For any picture in the lines below, please leave it out and copy the rest exactly.

__Dataset extract__
------------------------------
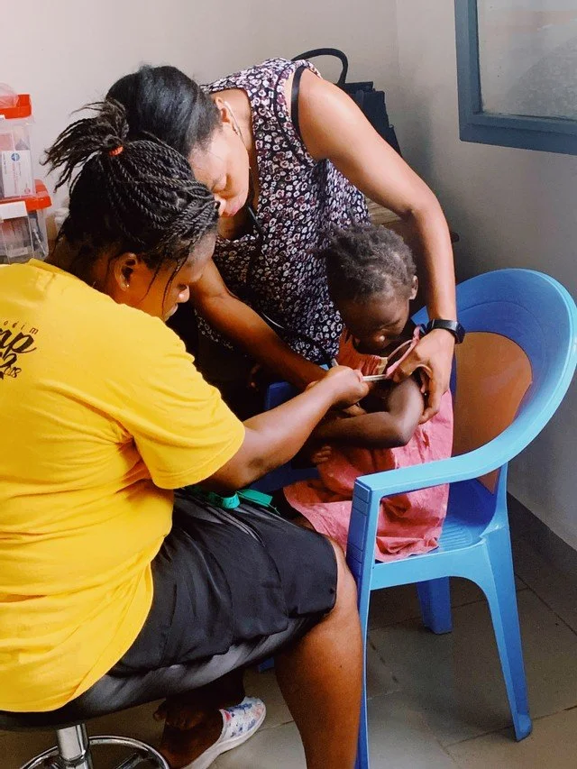Once a month, all the kiddos head down to the clinic where our physician, nurse, and lab technician are waiting. One by one, each child heads over to our nurse, who takes their vitals; height, weight, temperature, oxygen levels, etc. All the basics that inform us of how our kids are growing and developing and that their bodies are functioning well. Next, our nurse moves on to tracking any health or related psychological behaviors like bed-wetting, fatigue, or brief attention span. For our little ones five and under, she uses our MUAC bands around their arms to ensure they're at an excellent nutritional standing. Otherwise (you guys know the drill), it's time for Plumpy'Nut!
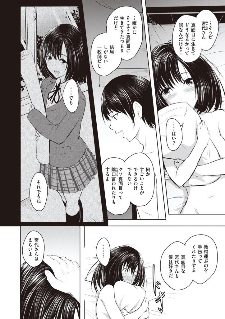 あの夜のことを二人だけの秘密にして、卒業式の日に宮代さんが先生に告って4月から付き合い始めるってことにしちゃえばいいんじゃね。現実でも生徒と結婚してる教師なんて結構いるし、在学中からバレない程度に付き合ってるケースも多々あるからね。
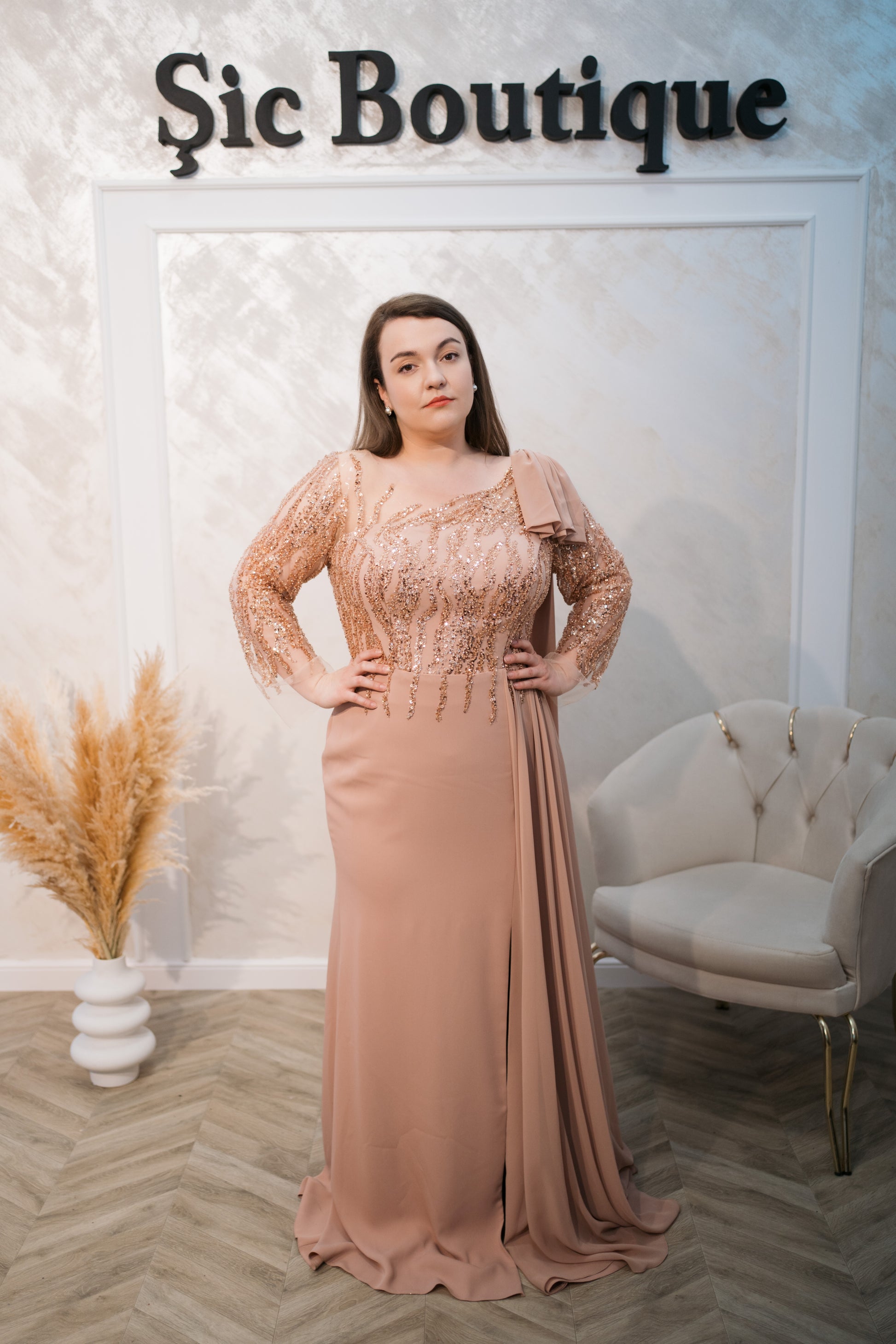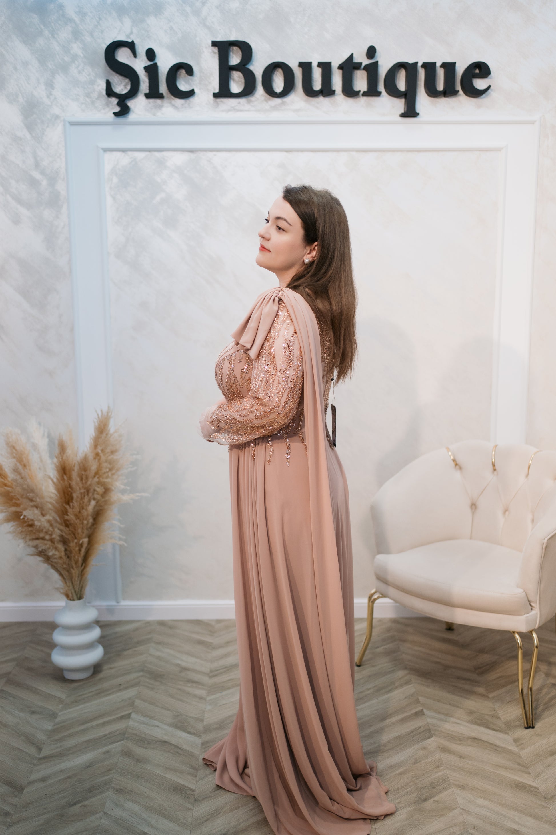Rochia Desire – o piesă de o eleganță aparte, realizată din voal extrem de fin, cu inserții delicate de dantelă, paiete și cristale. Strălucește discret, pentru ca eleganța purtătoarei să fie cu adevărat remarcabilă.
------------------------------
__Solution to this exercise__
Once a month, all the kiddos head down to the clinic where our physician, nurse, and lab technician are waiting. One by one, each child heads over to our nurse, who takes their vitals; height, weight, temperature, oxygen levels, etc. All the basics that inform us of how our kids are growing and developing and that their bodies are functioning well. Next, our nurse moves on to tracking any health or related psychological behaviors like bed-wetting, fatigue, or brief attention span. For our little ones five and under, she uses our MUAC bands around their arms to ensure they're at an excellent nutritional standing. Otherwise (you guys know the drill), it's time for Plumpy'Nut!
 あの夜のことを二人だけの秘密にして、卒業式の日に宮代さんが先生に告って4月から付き合い始めるってことにしちゃえばいいんじゃね。現実でも生徒と結婚してる教師なんて結構いるし、在学中からバレない程度に付き合ってるケースも多々あるからね。
Rochia Desire – o piesă de o eleganță aparte, realizată din voal extrem de fin, cu inserții delicate de dantelă, paiete și cristale. Strălucește discret, pentru ca eleganța purtătoarei să fie cu adevărat remarcabilă.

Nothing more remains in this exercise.